Widow(er) of. U.S. Citizens
The widow(er) of a U.S. citizen is legally considered an immediate relative and may immigrate as such. In practical terms, this means that a widow(er) may file an I-360 self-petition within 2 years of the death of his/her spouse. If s/he has pending spousal I-130 petition when the U.S. citizen spouse died, s/he may request to have this automatically converted into an I-360 widow(er) petition.
In addition, the widow(er) must show that s/he has not remarried; that the marriage to the deceased U.S. citizen was entered into in good faith and not primarily for immigration; and that there was no divorce or legal separation at the time of the U.S. citizen’s death.
The law allows the surviving spouse of a U.S. citizen to petition for himself or herself, regardless of how long they were married prior to the spouse’s death. Before October 2009, the law required the couple to have been married for at least 2 years at the time the U.S. citizen died in order for the surviving spouse to self-petition.
To determine whether an immigration case can be successful even after the death of a family member, other aspects such as the presence of inadmissibility grounds will need to be evaluated. For example, an individual who is subject to the 3- or 10-year unlawful presence bar or has a prior removal order may need to apply for a waiver in order to eventually obtain a green card.
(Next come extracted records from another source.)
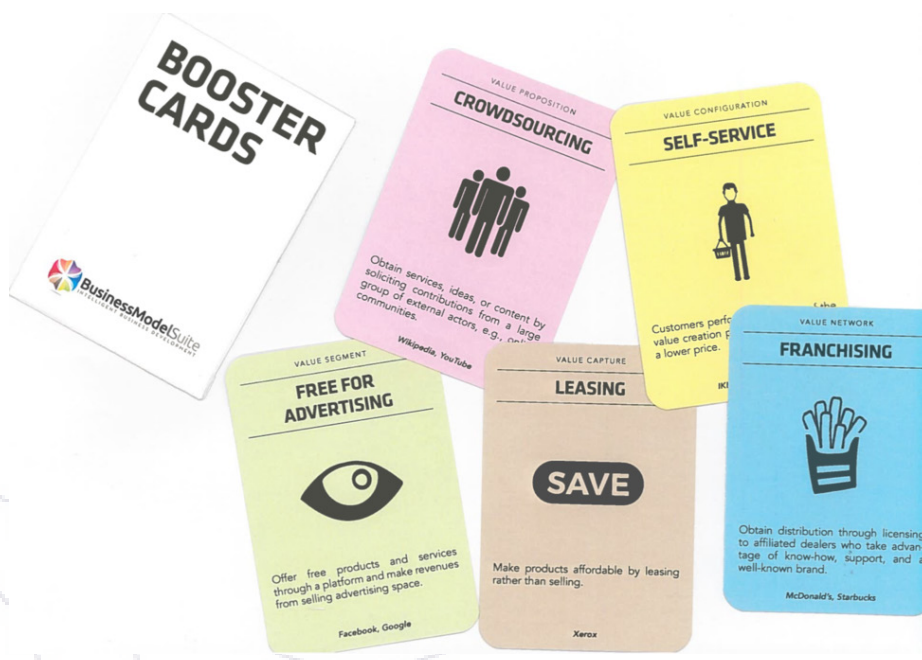
Figure 1: Examples of booster cards.

The cards are based on 71 different BM configurations identified in the work by Taran et al. (2016). Each card in the deck represents a specific configuration and contains a short description of the configuration and real-life example to strengthen the analogy further. The description might give room to gain context-free ideas, but if the students are having issues with generating ideas or understanding the concept, the real-life examples often spur them in the right direction. An example can be found in Figure 1, where the configuration 'Free for advertising' provides both a short explanatory text of the general concept and empirical references (in this case of Facebook and Google).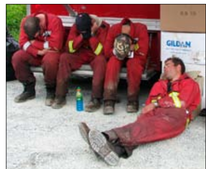
Lake Echo/Porter's Lake Fire, June 2008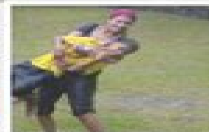
Back to the Philippines Jan 2012!

I will be in the Philippines January 14-29th, please pray the hearts of the Filipinos are open!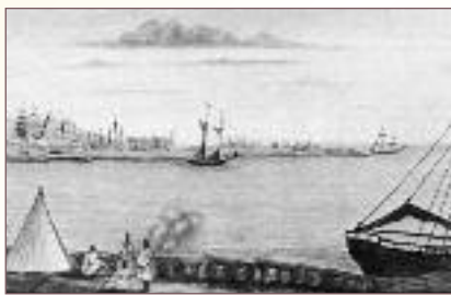
Fort Frederick and naval dockyard circa 1813

Kingston's location at the junction of the Rideau Canal, the St. Lawrence River and Lake Ontario made it the primary military and economic centre of Upper Canada. Kingston served as the capital of the united provinces of Canada from 1841 until 1844 when the capital was moved to Montréal.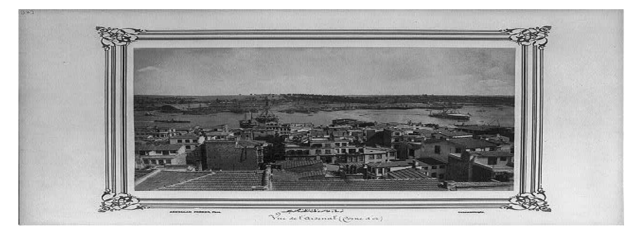
Fig 4 : represents general view of the imperial arsenal

https://cdn.loc.gov/service/pnp/cph/3b20000/3b28000/3b28500/3b28526r.jpg#h=470&w=640 last access 23\5\2019, 6:40 AM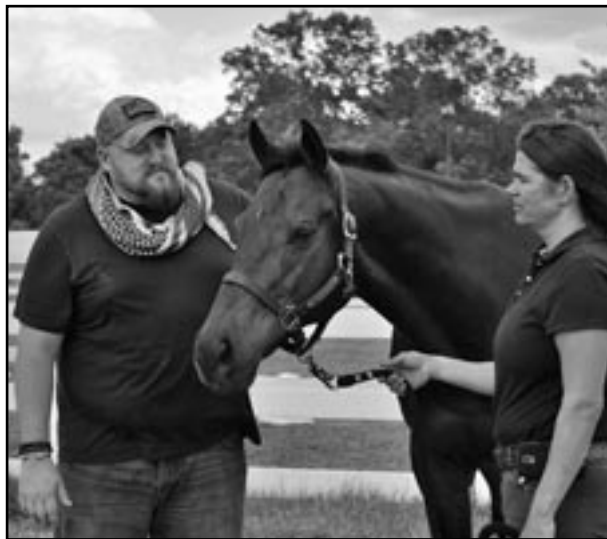
(above) The Man o' War Project has helped to develop a standardized protocol for delivering equine-assisted therapy to treat PTSD.

The Children of the American Revolution (C.A.R.) is the nation's oldest and largest nonpolitical patriotic youth organization. A new C.A.R. state project that will aid veterans has been announced. The goal of "Operation Horse" is to raise $2,000 during the next year to fund equine-assisted therapy for two N.J. veterans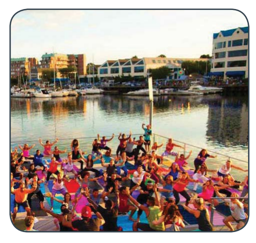
Yoga in Commons Park on former brownfield, Stamford, CT

The following sections of this guide are intended to help local communities develop more effective strategies for leveraging resources for brownfields and community revitalization endeavors.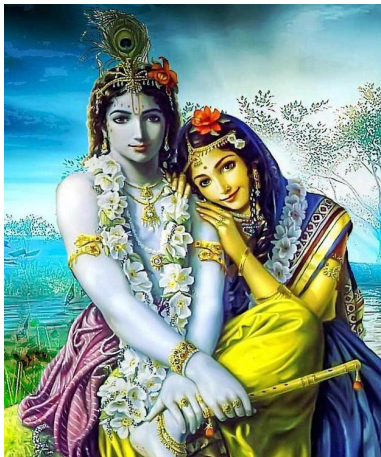
Krishna & Radha

feminine anything new, as evidenced by the thousands-of-years-old divine couple, Krishna and Radha (shown to the left).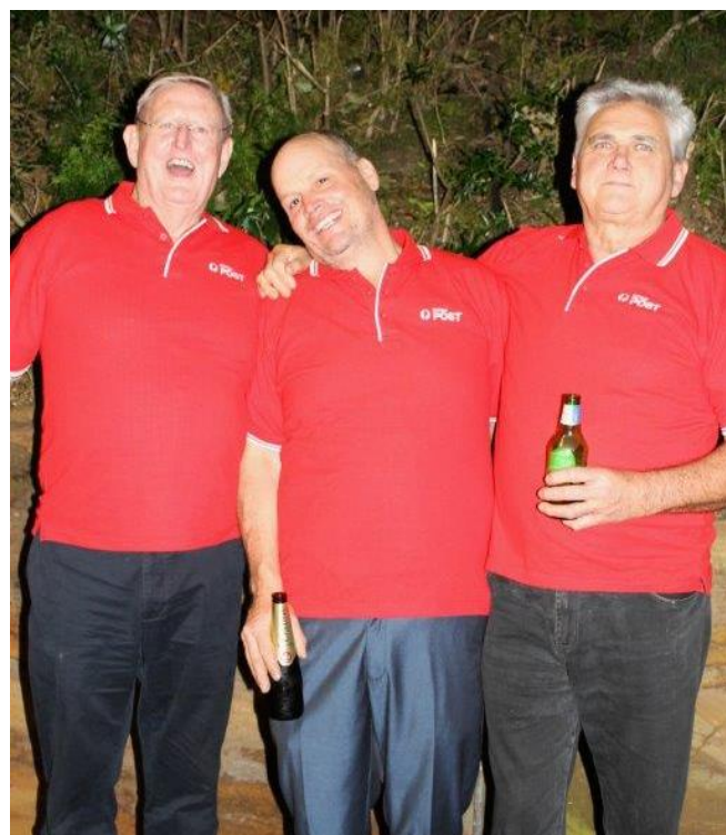
Australia Post Division 1 Spring Series winners.....the three tenors.....aka Axis of Evil.

PRSC welcomes new skippers and crew - see www.prsc.org.au for details - or attend the club at the end of Wharf Road Gladesville any Saturday afternoon scheduled races are on. July 2017.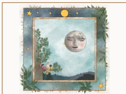
MOON LOST HER EARRING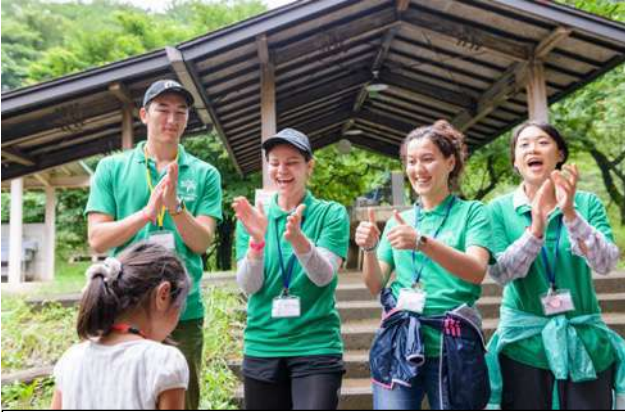
ORIENTATION: Campers meet their team leaders for the first time.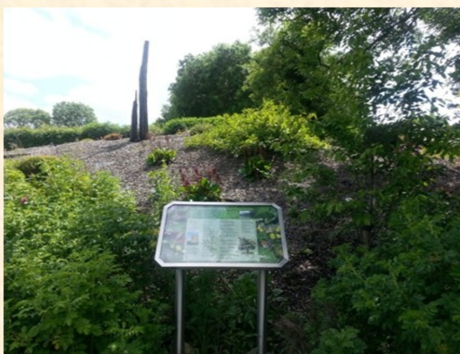
Information panel at The Old Bog Road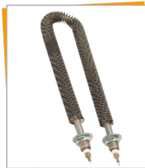
Tubular U Shape Finned Heater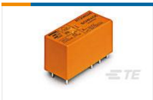
TE Part #1393240-1 RT314048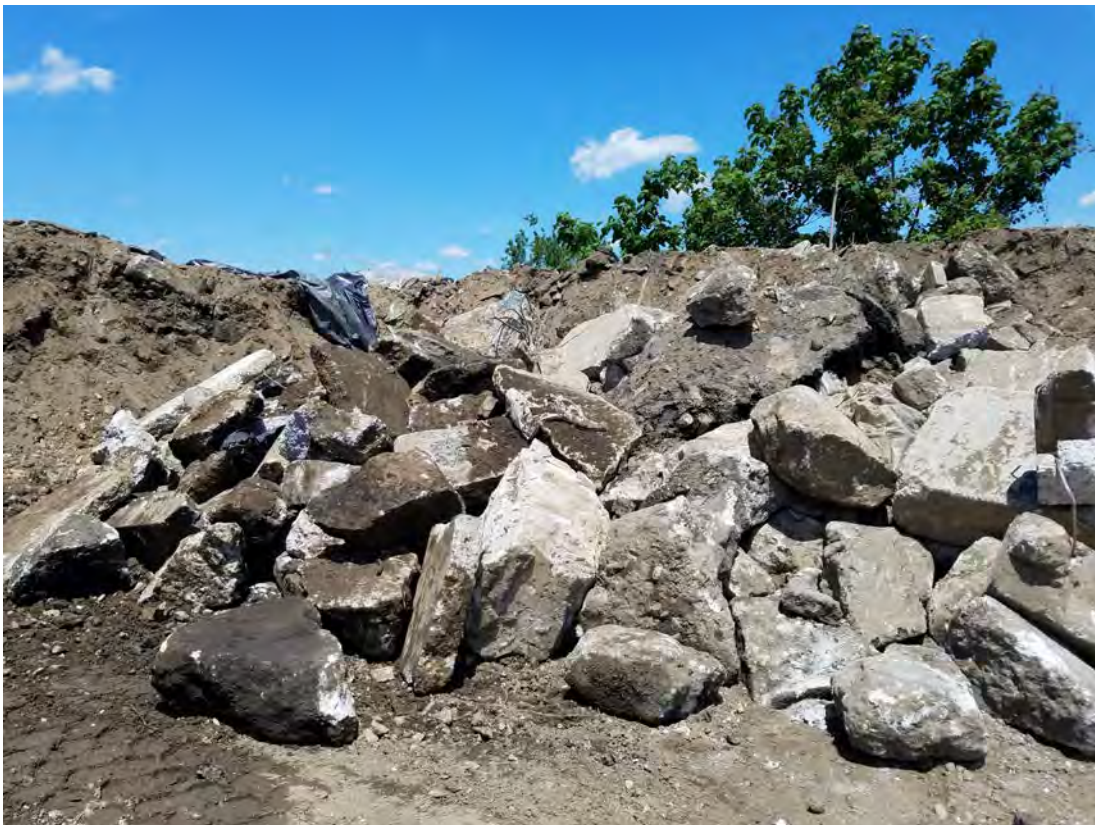
Photograph 6 - June 22, 2017: Additional bulky debris segregated from pile area.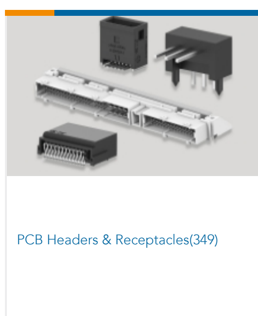
PCB Headers & Receptacles(349)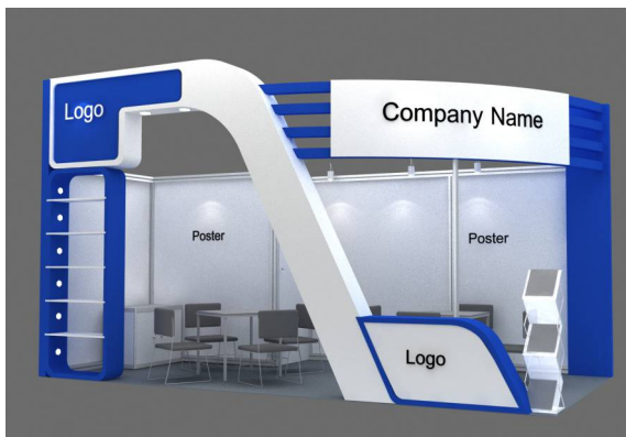
Design – 4: EUR 144/m 2

The design may vary if the stand size or number of sides open differ.

Cristina Godinez is an attorney who has provided immigration solutions to families, businesses and at-risk migrants in the United States for over 15 years. She worked with the immigration law practice group of a top-tier global law firm and later, with the world’s largest immigration law firm. She is also the attorney at the faith-based Migrant Center of New York where she oversees the delivery of immigration legal services to low-income clients. Cristina is a member of the American Immigration Lawyers Association.